Этнос и категория времени - Лев Гумилев
Шрифт:
Интервал:
Закладка:
Собственно говоря, описанная концепция – это некоторая вульгаризация чрезвычайно сложного учения Нагарджуны (II в. н.э.) [13, стр.130-133], но ведь нас интересует не философская сторона проблемы, а ее преломление в этническом сознании буддистов: тибетцев и монголов. Для них же бодисатва – сверхсильное существо, господствующее над временем, и эта черточка, только она одна, роднит буддийское восприятие времени с относительным временем Эйнштейна.
И тем не менее совпадение восприятия времени в древних мифах, старых сказках, буддийских легендах и современной математической физике не может быть случайным.

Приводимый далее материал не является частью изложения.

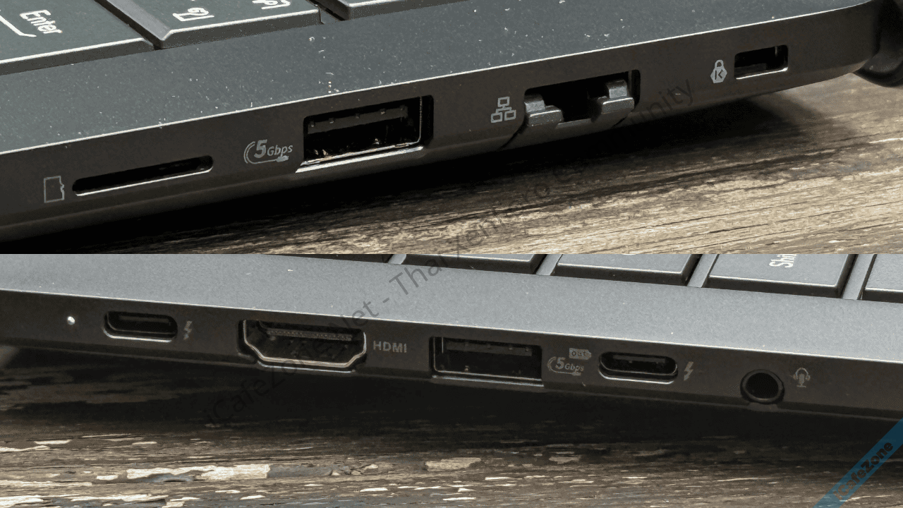 ในแง่ของพอร์ตเชื่อมต่อก็ให้มาอย่างครบครัน มีพอร์ต Thunderbolt 4 USB-C สองพอร์ต, USB-A สองพอร์ต, ช่อง MicroSD Card, HDMI และ LAN ซึ่งพอร์ตหลังสุดเริ่มหาได้ยากขึ้นทุกทีในแล็ปท็อปทั่วไป รวม ๆ แล้วด้านพอร์ตการเชื่อมนั้นเพียงพอสำหรับการใช้งานในสภาพแวดล้อมปัจจุบันแล้ว จุดที่ทีมงานชอบที่สุดคือการเปลี่ยนพอร์ตการชาร์จจากรูเฉพาะมาเป็น USB-C ทำให้รองรับการชาร์จด้วย Power Bank และสาย USB-C ที่มาตรฐานของปัจจุบัน (แต่ใช้อแดปเตอร์ตัวที่มาพร้อมกับเครื่องจะได้ประสิทธิภาพการชาร์จที่ดีที่สุด) ส่วนของคีย์บอร์ดและทัชแพดให้ประสบการณ์การพิมพ์ที่ดีมีระยะกดที่เหมาะสม

Очевидно, оно свойственно либо какой-то одной стороне человеческой психики, либо какому-то свойству самого времени. Попробуем разобраться в этом немаловажном вопросе.
Если счет времени зависит от скорости тела, где, по Эйнштейну, есть лимит – скорость света, то ведь скорость тела зависит от импульса силы, т.е. приложения энергии. При силовом импульсе, в зависимости от вектора, может возникнуть либо ускорение, либо замедление естественного хода событий, т.е. в мире появляется новый «момент», а создание нового называется «творчеством». С явлением «творчества» люди сталкивались на протяжении всего своего существования, хотя, разумеется, не в любой момент и то в большей, то в меньшей степени. В древности творческие акты считали волшебством, потому что не видели объяснений факта в окружающей действительности. Да и сейчас творческий момент даже в жизни ученого, посвятившего науке всю жизнь, – редкий праздник, а остальное время – будни доработок и разработок.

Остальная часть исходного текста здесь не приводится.